I Went All-In on AI. The MIT Study Is Right.

AutistoMephisto@lemmy.world · edit-2 3 months ago

I Went All-In on AI. The MIT Study Is Right.

edgemaster72@lemmy.world · 3 months ago

Not immediate failure—that’s the trap. Initial metrics look great. You ship faster. You feel productive.

And all they’ll hear is “not failure, metrics great, ship faster, productive” and go against your advice because who cares about three months later, that’s next quarter, line must go up now. I also found this bit funny:

I forced myself to use Claude Code exclusively to build a product. Three months. Not a single line of code written by me… I was proud of what I’d created.

Well you didn’t create it, you said so yourself, not sure why you’d be proud, it’s almost like the conclusion should’ve been blindingly obvious right there.

AutistoMephisto@lemmy.world · 3 months ago

The top comment on the article points that out.

It’s an example of a far older phenomenon: Once you automate something, the corresponding skill set and experience atrophy. It’s a problem that predates LLMs by quite a bit. If the only experience gained is with the automated system, the skills are never acquired. I’ll have to find it but there’s a story about a modern fighter jet pilot not being able to handle a WWII era Lancaster bomber. They don’t know how to do the stuff that modern warplanes do automatically.

LOGIC💣@lemmy.world · 3 months ago

It’s more like the ancient phenomenon of spaghetti code. You can throw enough code at something until it works, but the moment you need to make a non-trivial change, you’re doomed. You might as well throw away the entire code base and start over.

And if you want an exact parallel, I’ve said this from the beginning, but LLM coding at this point is the same as offshore coding was 20 years ago. You make a request, get a product that seems to work, but maintaining it, even by the same people who created it in the first place, is almost impossible.

ctrl_alt_esc@lemmy.ml · 3 months ago

I agree with you, though proponents will tell you that’s by design. Supposedly, it’s like with high-level languages. You don’t need to know the actual instructions in assembly anymore to write a program with them. I think the difference is that high-level language instructions are still (mostly) deterministic, while an LLM prompt certaily isn’t.

Cocodapuf@lemmy.world · 3 months ago

Once you automate something, the corresponding skill set and experience atrophy.
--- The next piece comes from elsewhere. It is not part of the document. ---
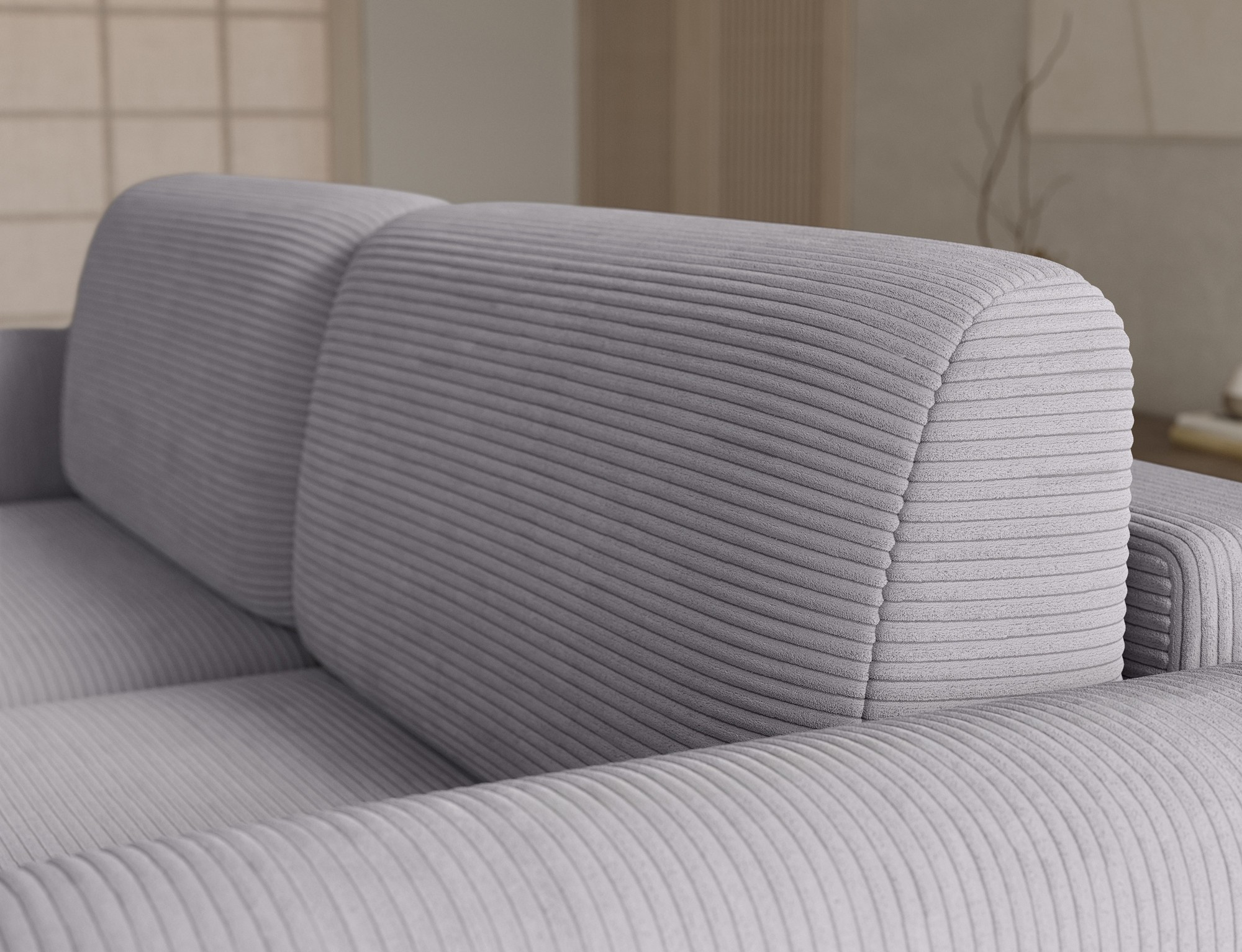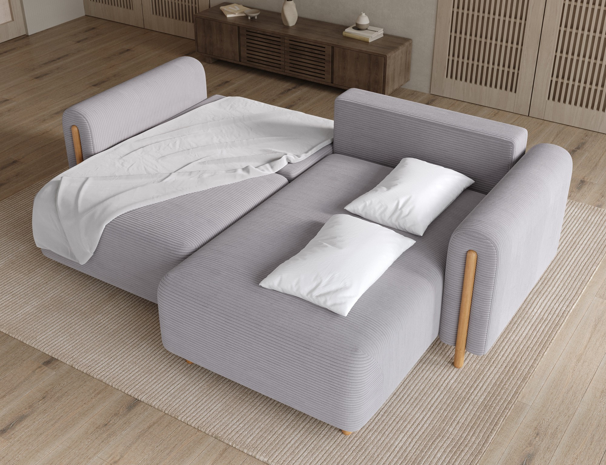 The Acossta corner sofa is a modern and functional upholstered piece designed for everyday comfort and long-lasting durability, making it perfect for both living rooms and relaxation areas. With overall dimensions of 244 × 154 × 95 cm and a weight of 121.7 kg, this model stands out for its solid construction and ergonomically shaped form that ensures a high level of seating and lounging comfort. The seat comfort is provided by a combination of Type B wave springs and HR3030 high-resilience foam, while the backrest filled with T2315 polyurethane foam offers stable and comfortable back support. The Acossta corner sofa features a sleeping function with a surface of 49 × 200 cm, making it a practical solution for occasional overnight guests, and the DL assisted unfolding mechanism with an automatic leg allows for quick and smooth conversion. An additional advantage is the integrated bedding storage compartment, which enhances functionality and provides convenient storage, making the Acossta corner sofa an ideal choice for those seeking a balance of design, comfort, and practical features.

It’s a problem that predates LLMs by quite a bit. If the only experience gained is with the automated system, the skills are never acquired.
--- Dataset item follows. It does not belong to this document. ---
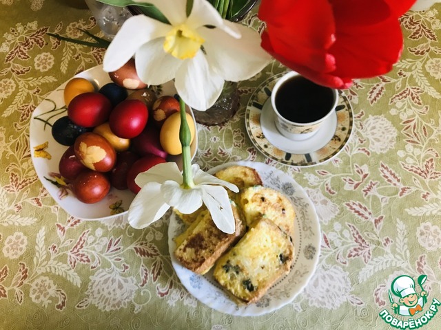 Кулич нарезать удобными вам кусочками и обмакнуть в яичной смеси.
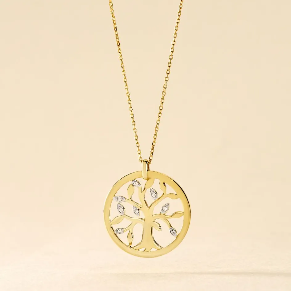 Collier Or Jaune 375/1000 Cercle Ajouré Arbre De Vie Pavage Diamants Maille Forçat 40+2cm

Well, to be fair, different skills are acquired. You’ve learned how to create automated systems, that’s definitely a skill. In one of my IT jobs there were a lot of people who did things manually, updated computers, installed software one machine at a time. But when someone figures out how to automate that, push the update to all machines in the room simultaneously, that’s valuable and not everyone in that department knew how to do it.

So yeah, I guess my point is, you can forget how to do things the old way, but that’s not always bad. Like, so you don’t really know how to use a scythe, that’s fine if you have a tractor, and trust me, you aren’t missing much.

jimmy90@lemmy.world · 3 months ago

yeah i don’t get why the ai can’t do the changes

don’t you just feed it all the code and tell it? i thought that was the point of 100% AI

raspberriesareyummy@lemmy.world · 3 months ago

So there’s actual developers who could tell you from the start that LLMs are useless for coding, and then there’s this moron & similar people who first have to fuck up an ecosystem before believing the obvious. Thanks fuckhead for driving RAM prices through the ceiling… And for wasting energy and water.

khepri@lemmy.world · 3 months ago

They are useful for doing the kind of boilerplate boring stuff that any good dev should have largely optimized and automated already. If it’s 1) dead simple and 2) extremely common, then yeah an LLM can code for you, but ask yourself why you don’t have a time-saving solution for those common tasks already in place? As with anything LLM, it’s decent at replicating how humans in general have responded to a given problem, if the problem is not too complex and not too rare, and not much else.

raspberriesareyummy@lemmy.world · 3 months ago

As you said, “boilerplate” code can be script generated - and there are IDEs that already do this, but in a deterministic way, so that you don’t have to proof-read every single line to avoid catastrophic security or crash flaws.

InvalidName2@lemmy.zip · 3 months ago

And then there are actual good developers who could or would tell you that LLMs can be useful for coding, in the right context and if used intelligently. No harm, for example, in having LLMs build out some of your more mundane code like unit/integration tests, have it help you update your deployment pipeline, generate boilerplate code that’s not already covered by your framework, etc. That it’s not able to completely write 100% of your codebase perfectly from the get-go does not mean it’s entirely useless.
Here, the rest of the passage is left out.